Because the images are not wanted, restate every line below word for word without them.

## DATA BELOW
************
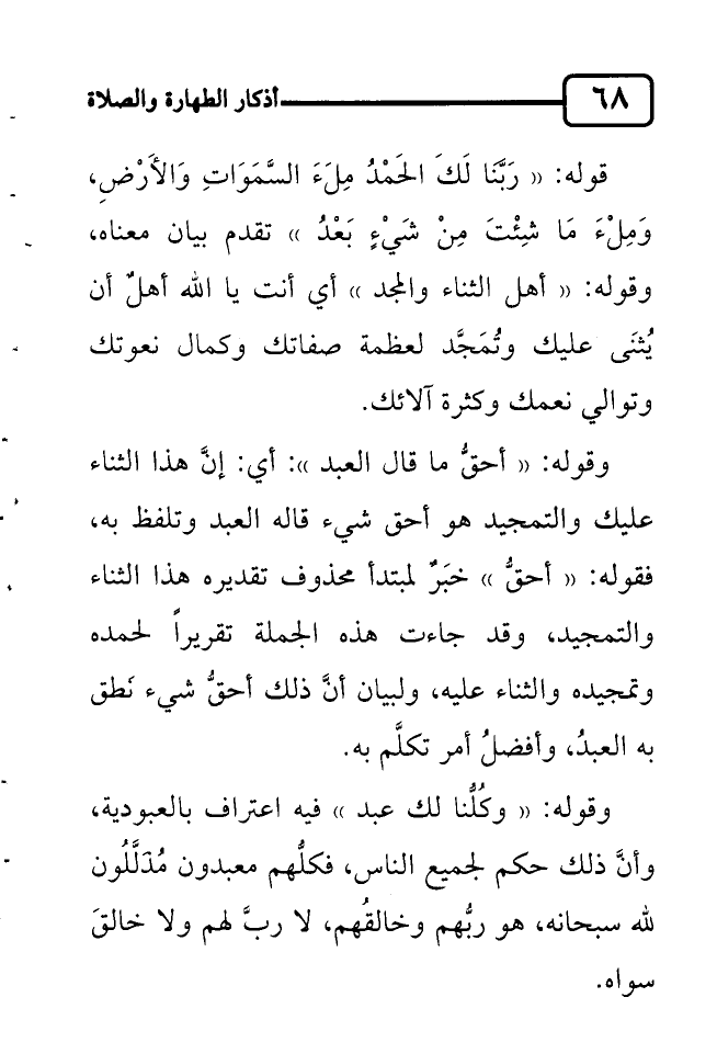 قوله: "رَبَّنَا لَكَ الحَمْدُ مِلَءَ السَّمَوَاتِ وَالأَرْضِ، وَمِلْءَ مَا شِئْتَ مِنْ شَيْءٍ بَعْدُ" تقدم بيان معناه، وقوله: "أهل الثناء والمجد" أي أنت يا الله أهلٌ أن يُثنَى عليك وتُمَجَّد لعظمة صفاتك وكمال نعوتك وتوالي نعمك وكثرة آلائك.
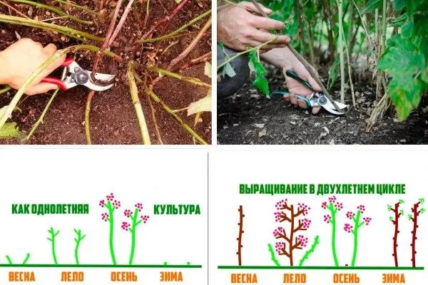 - Первую обрезку проводят весной. В этот период проводят санитарные мероприятия — удаляют подмёрзшие и поражённые вредителями ветви. Второй раз малину обрезают после сбора урожая — вырезают побеги-двухлетки.
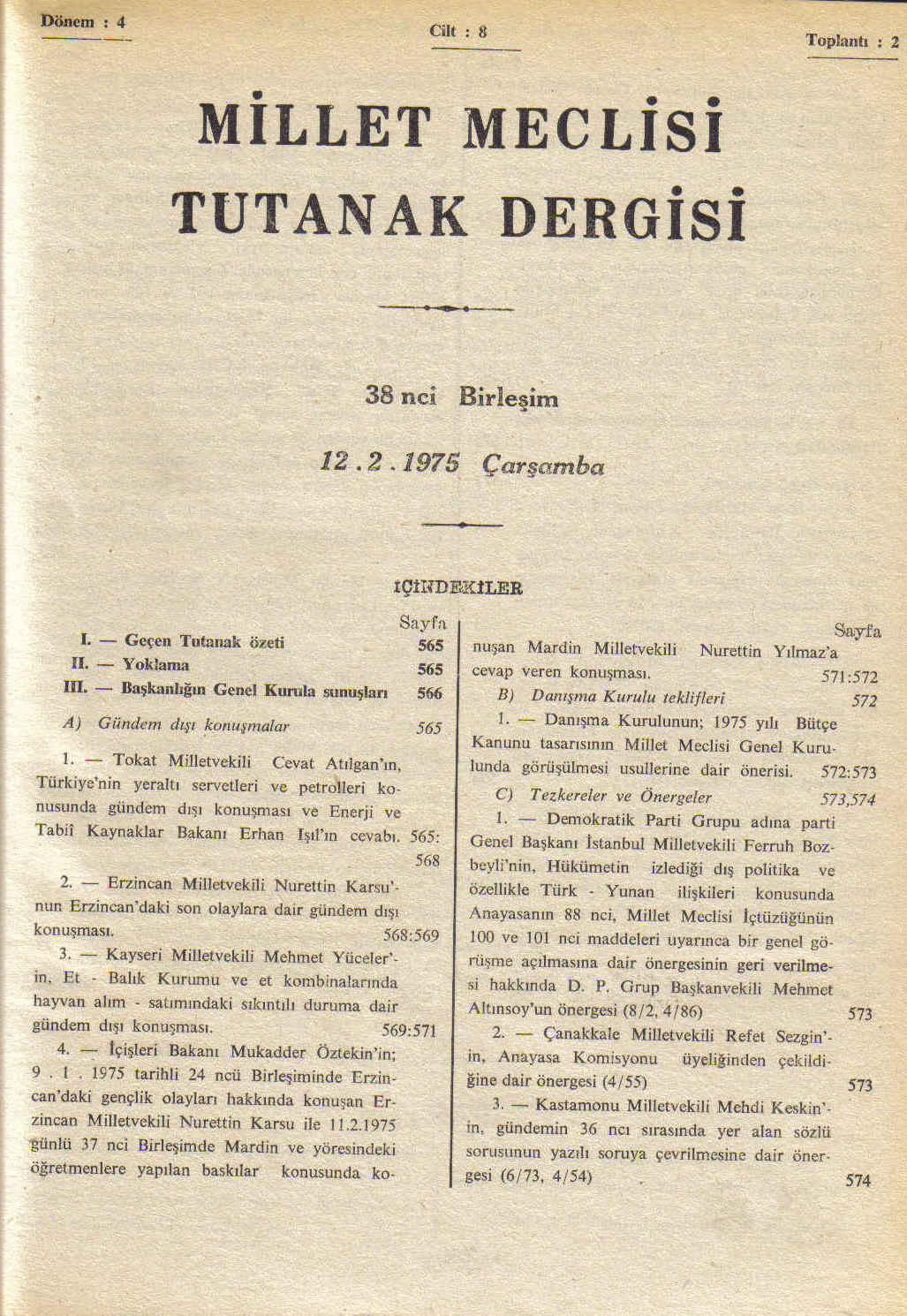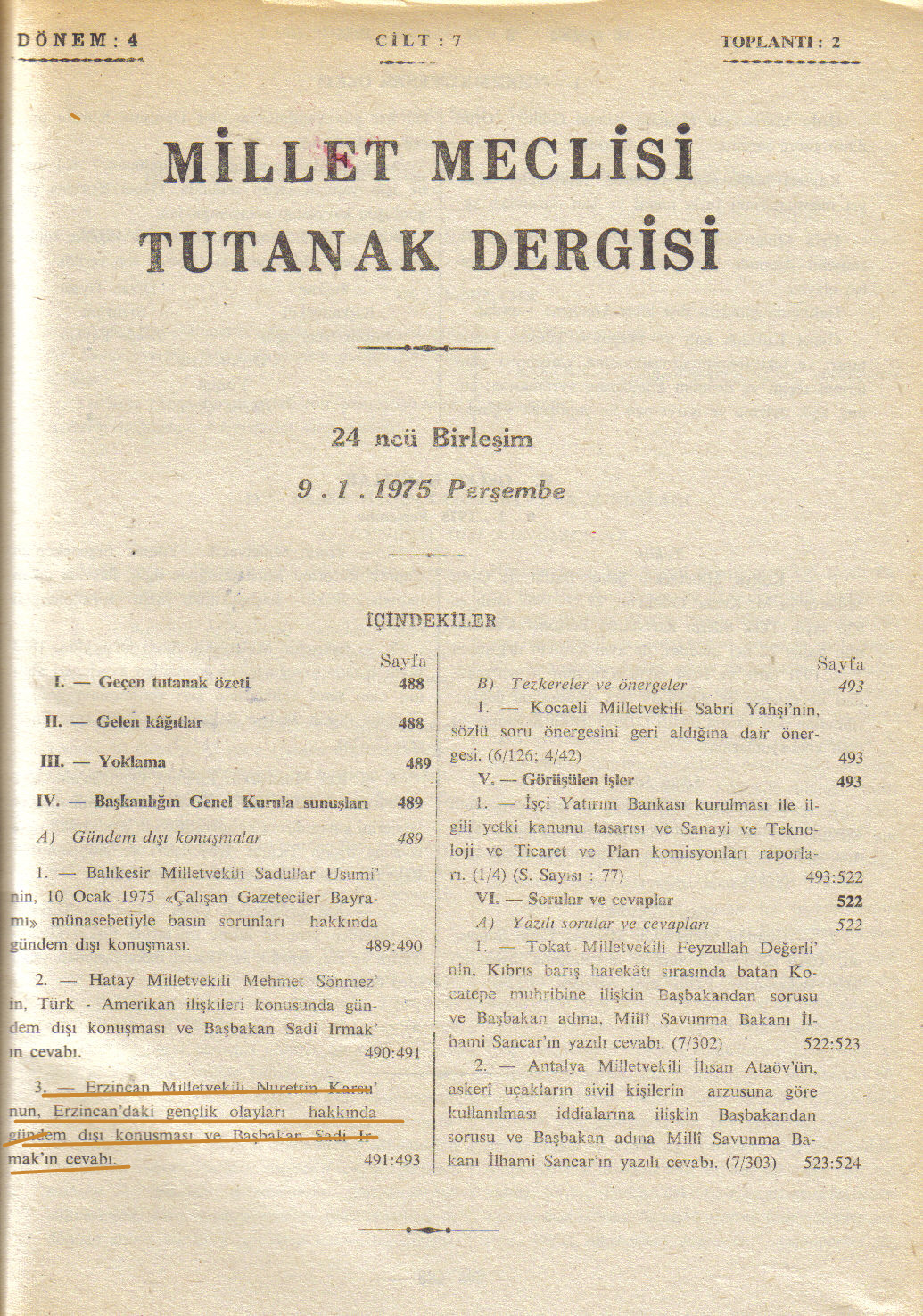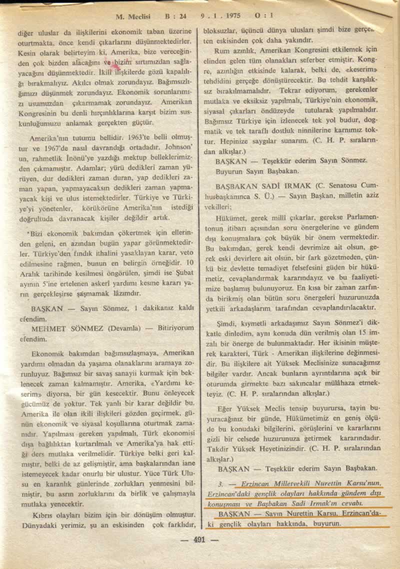 TBMM Erzincan Olayları Konuşması
************
## RESPONSE TO THE EXERCISE
 قوله: "رَبَّنَا لَكَ الحَمْدُ مِلَءَ السَّمَوَاتِ وَالأَرْضِ، وَمِلْءَ مَا شِئْتَ مِنْ شَيْءٍ بَعْدُ" تقدم بيان معناه، وقوله: "أهل الثناء والمجد" أي أنت يا الله أهلٌ أن يُثنَى عليك وتُمَجَّد لعظمة صفاتك وكمال نعوتك وتوالي نعمك وكثرة آلائك.
 - Первую обрезку проводят весной. В этот период проводят санитарные мероприятия — удаляют подмёрзшие и поражённые вредителями ветви. Второй раз малину обрезают после сбора урожая — вырезают побеги-двухлетки.
 TBMM Erzincan Olayları Konuşması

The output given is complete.